El próximo gobierno necesitaría reunir 38 votos para despedir al inspector – Hoy cr

Los roces entre la actual administración de Chaves Robles y la inspectora general de la República, Marta Acosta, ya fueron trasladados a la presidenta electa, Laura Fernández, quien iniciará su gestión el viernes 8 de mayo.

Un día después de la victoria electoral, Fernández pidió la renuncia de Acosta, cuyo actual mandato finaliza en 2028.

«Ella ya ha completado su círculo», afirmó, añadiendo que espera que «ella misma se retire del cargo ahora».

«Me parece que se le ha hecho demasiado daño al país. Ella es una funcionaria que está llamada a fiscalizar las finanzas públicas y La Trocha, puede que casos de corrupción, se han colado en esa supervisión. Entonces me parece que ella debería tomar conciencia de estos tan malos resultados que ha logrado en la conducción de esa institución y hacerle un favor a Costa Rica», afirmó.

Acosta es culpado de no poder construir el proyecto cívico ni la marina en Limón. En este gobierno ha tenido muchos enfrentamientos con el presidente, donde ha sido blanco de ataques de Chaves.

El interventor estaría en los dos primeros años del gobierno de Fernández, lo que le dará continuidad al gobierno de Rodrigo Chaves, por lo que una opción es solicitar su destitución.

¿Cuál es el proceso?

Tal como lo establece la Constitución Política en el artículo 183, tanto el Procurador General como el Subcomisionado pueden ser removidos de sus cargos.

«El Contralor y el Subcontralor son responsables ante el Congreso del desempeño de sus funciones y podrán ser removidos de sus cargos, por el voto de al menos dos tercios de todos sus miembros, si se prueba su incompetencia o procedimientos incorrectos en los documentos disponibles al efecto», dice el texto.

MIRA MÁS: ‘Marta Acosta debe hacerse a un lado de Inspectora General de la República’, dice Laura Fernández

en el parlamento

Para destituir al titular de una entidad controladora se debe presentar una denuncia en un proceso administrativo o una investigación que determine sanciones.

La Asamblea Legislativa designará una comisión especial que analizará el caso y donde el Auditor General Jefe de la República tendrá derecho de defensa; se está presentando y presentando su caso.

Ese órgano legislativo presentará un informe al parlamento con una recomendación para destituir al funcionario y allí, en la sala del parlamento, se deberá realizar una votación.

La destitución de Acosta, en este caso, requiere un mínimo de 38 votos de los diputados.
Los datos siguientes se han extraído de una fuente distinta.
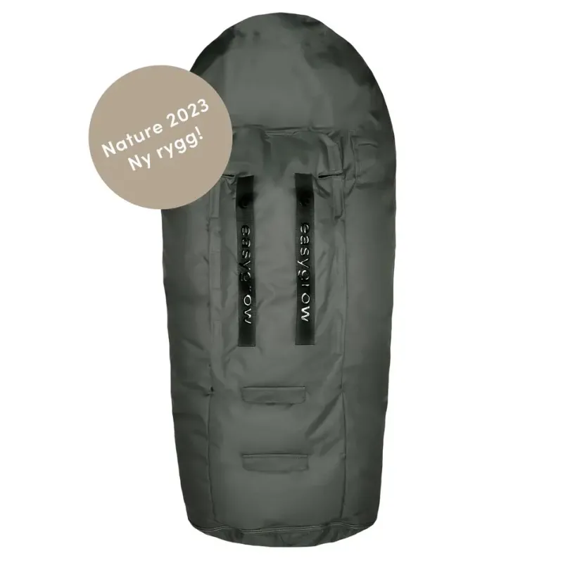 Velcroåbninger i ryggen, så den passer til alle vogne og seletyper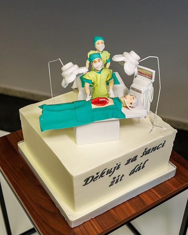 Pacient rok po úspěšné retransplantaci přinesl jako poděkování dort pro přednostu kliniky.

Es decir una mayoría aumentada y sólo se puede hacer con los legisladores electos por el Pueblo Soberano.

Hoy, el partido de Fernández tiene 31 diputados electos pendientes del cierre del conteo, por lo que para remover al inspector tendría que negociar con la oposición: Liberación Nacional, Breiðfylkingin, PUSC y la Coalición Agenda Ciudadana, los otros partidos que tendrían representantes legislativos.
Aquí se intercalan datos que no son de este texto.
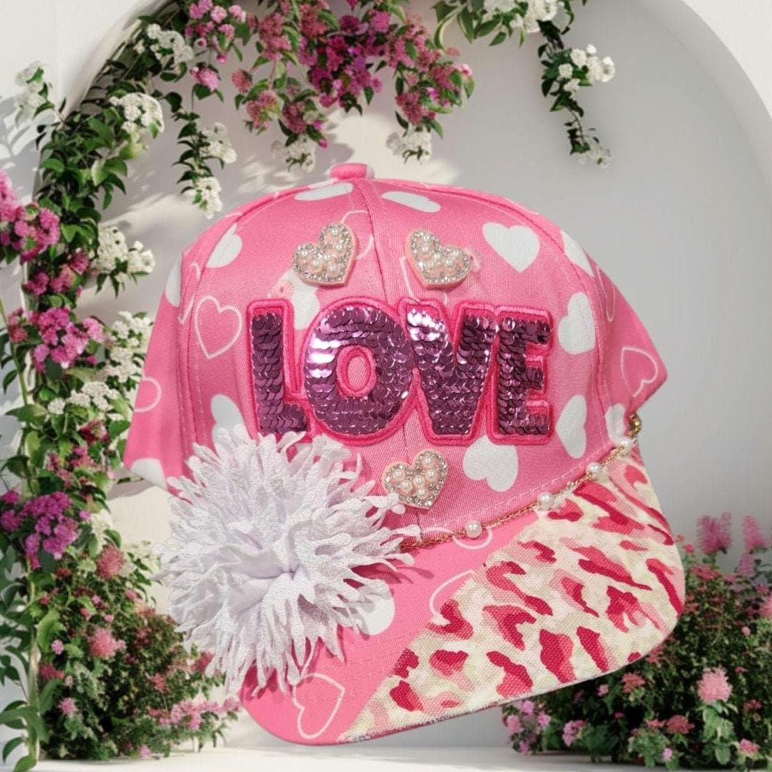 Really cute pink colored - valentines day heart - embellished with bling - adjustable baseball cap

Fernández ganó las elecciones con el 48% de los votos. (MARVIN RECINOS/AFP)

Terminación

En 2004 fue destituido el jefe de la república, Alex Solís, quien fue condenado por aparentemente falsificar firmas de familiares.
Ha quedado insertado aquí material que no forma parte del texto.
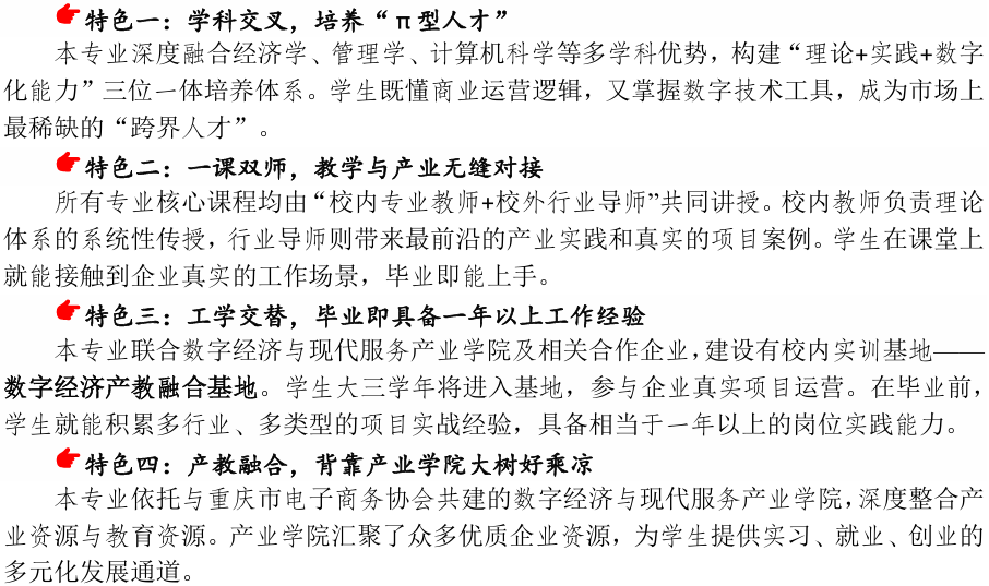 数字经济是融合经济学、管理学、计算机科学等多学科的新兴专业,紧扣“数字中国”与“数字重庆”发展战略,深度融合区域经济社会发展。本专业深入落实学校“1234”应用型人才培养体系建设、深度推进“2.5+1+0.5”应用型人才培养秉持“学科交叉、理实并重、数智赋能”的培养理念,依托学院多年的人才培养积淀和紧密校企合作,构建了涵盖“一课双师”以项目为主线的数字经济模块化专业能力培养”“以学生为中心的数字经济分项目/分岗位轮训”三大“校企合作、产教融合”专业实践能力培养体系。通过“专业理论案例教学”“专业实训项目制教学”“校内商业化项目实习基地工学交替'式岗位制教学”模式,将企业真实案例融入理论教学、真实项目融入专业实训、真实岗位融入专业实习,有效实现学生专业知识与实践能力的协同提升,致力于培养以经济学理论为基础、以数字技术为手段、以产业应用为导向“懂数据、通经济、善应用、能创新”的高素质应用型数字经济人才

En diciembre del mismo año, con los votos de 39 diputados, el entonces inspector fue destituido. 12 votaron en contra.

Solís fue acusado de falsificar las firmas de 27 familiares cercanos.

Fue la primera vez en la historia del país que la legislatura destituyó a un inspector de su cargo.

Seis años después y después de un largo período de tiempo, el Consejo Constitucional decidió que Solís Fallas fue destituido sin el debido proceso y condenó al Estado a pagar una indemnización.

«No puedo ocultar que mi esposa, mis hijos y yo estamos muy felices, porque esto significa la victoria de la moral, la ética y el Estado de derecho. Esta sentencia, junto con las decisiones de otros tribunales, demuestra que fui víctima de una maniobra política, que no querían verme trabajar como inspector independiente», dijo el ex inspector en 2010.